▶ [Your assignment]: Please write out only the lines from the line with "Pour infos, ces" to the line with "Pracovní listy k", inclusive, exactly as they stand below, without the pictures.

▶ [Data extract]:
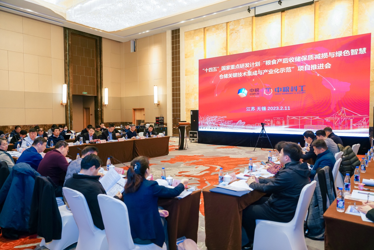 会议开幕式由项目负责人方勇主持。中粮科工股份有限公司首席运营官赵永进致欢迎辞,代表项目承担单位对莅临会议的各位领导、专家表示热烈欢迎,将履行好项目承担单位责任,做好各项保障工作,确保项目的顺利实施。国家粮食和物资储备局安全仓储与科技司管伟举副处长祝贺项目顺利立项实施,同时指出项目研究内容针对粮食产后收储保质减损与绿色智慧仓储关键技术,汇聚了粮食行业顶尖人才与平台,希望通过项目实施配合优质粮食工程与“五优联动”,加快推进粮食产业高质量发展。无锡市科技局副局长刘红表示,将切实履行地方科技部门职责,做好国家重点科技计划项目的服务和保障工作。无锡市粮食和物资储备局副局长薛钦表示,希望项目研发形成的科技成果,能在无锡优先落地生根,为粮食仓储科技创新,保障国家粮食安全做出贡献。
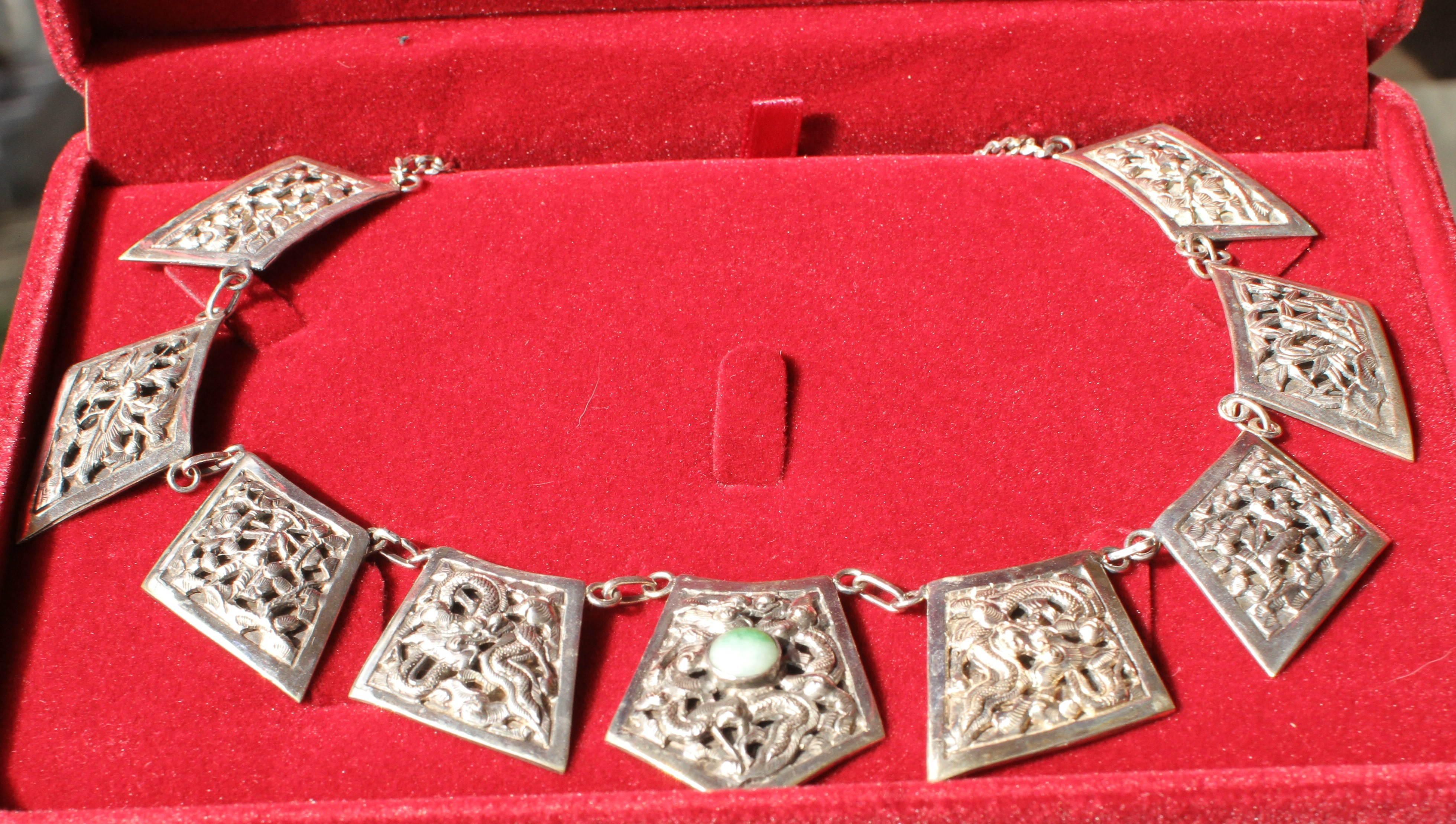 Pour infos, ces perles sont celles d'un collier qui doit dater des années 50. Ramené directement de Chine. Je l'ai acheté à la personne qui la reçu en cadeau et a décidé de le vendre. Il m'arrive de me refaire des colliers avec d'anciennes perles et je trouvais celles-ci intéressantes, y compris par le fait que c'est un bijou ancien qui vient de l'autre bout du monde.
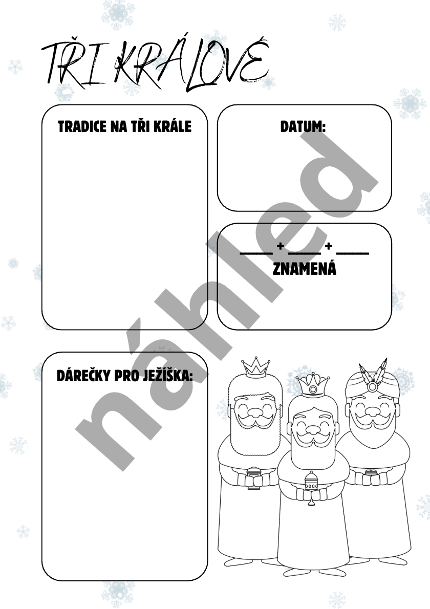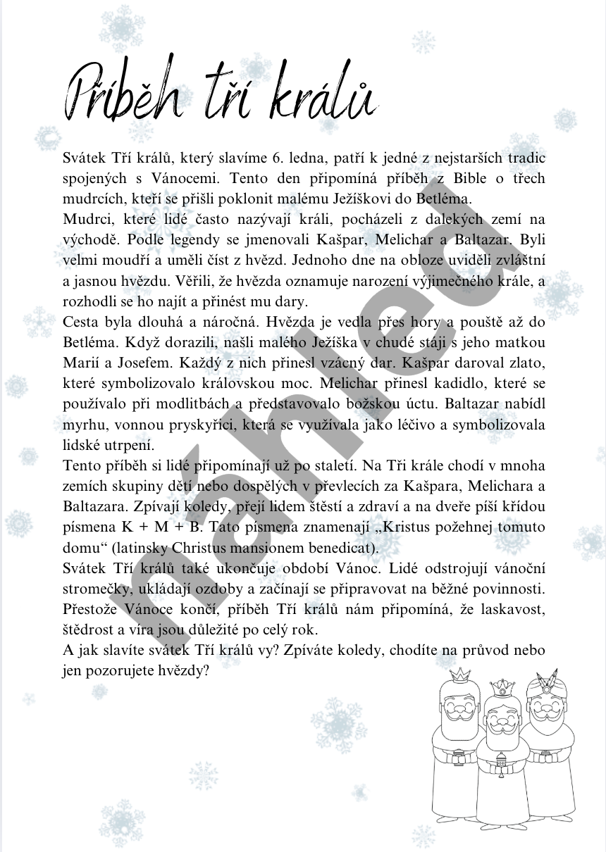 Pracovní listy k tradičnímu svátku Tří králů zaměřené na čtení s porozuměním a porozumění významu tradic. Žáci se seznámí s biblickým příběhem tří mudrců, jejich cestou do Betléma, symbolikou darů i s tím, proč svátek Tří králů uzavírá vánoční období.
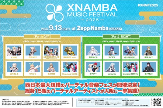 デジタル空間やeスポーツを活用して地域課題を解決する株式会社Meta Osaka(所在地:大阪府大阪市、代表取締役:毛利英昭)は、2025年9月13日(土)、Zepp Namba(所在地:大阪府大阪市)にて「XNAMBA MUSIC FESTIVAL-2025-」を開催いたします。YouTube総登録者数280万人超、X総フォロワー数77万人(出演15組の合計数 ※2025年8月時点)を誇るバーチャルアーティスト(VTuber)15組が一堂に会する音楽フェスティバルで、観客キャパ2500人規模でのバーチャル音楽フェスは西日本最大規模となります。5月27日に大阪・関西万博のEXPOホールで開催した「showcase」では、開演前から多数のファンが詰めかけ、学校帰りの高校生からファミリー層まで幅広い世代が来場し大きな反響を呼びました。

▶ [Solution to this task]:
 Pour infos, ces perles sont celles d'un collier qui doit dater des années 50. Ramené directement de Chine. Je l'ai acheté à la personne qui la reçu en cadeau et a décidé de le vendre. Il m'arrive de me refaire des colliers avec d'anciennes perles et je trouvais celles-ci intéressantes, y compris par le fait que c'est un bijou ancien qui vient de l'autre bout du monde.
 Pracovní listy k tradičnímu svátku Tří králů zaměřené na čtení s porozuměním a porozumění významu tradic. Žáci se seznámí s biblickým příběhem tří mudrců, jejich cestou do Betléma, symbolikou darů i s tím, proč svátek Tří králů uzavírá vánoční období.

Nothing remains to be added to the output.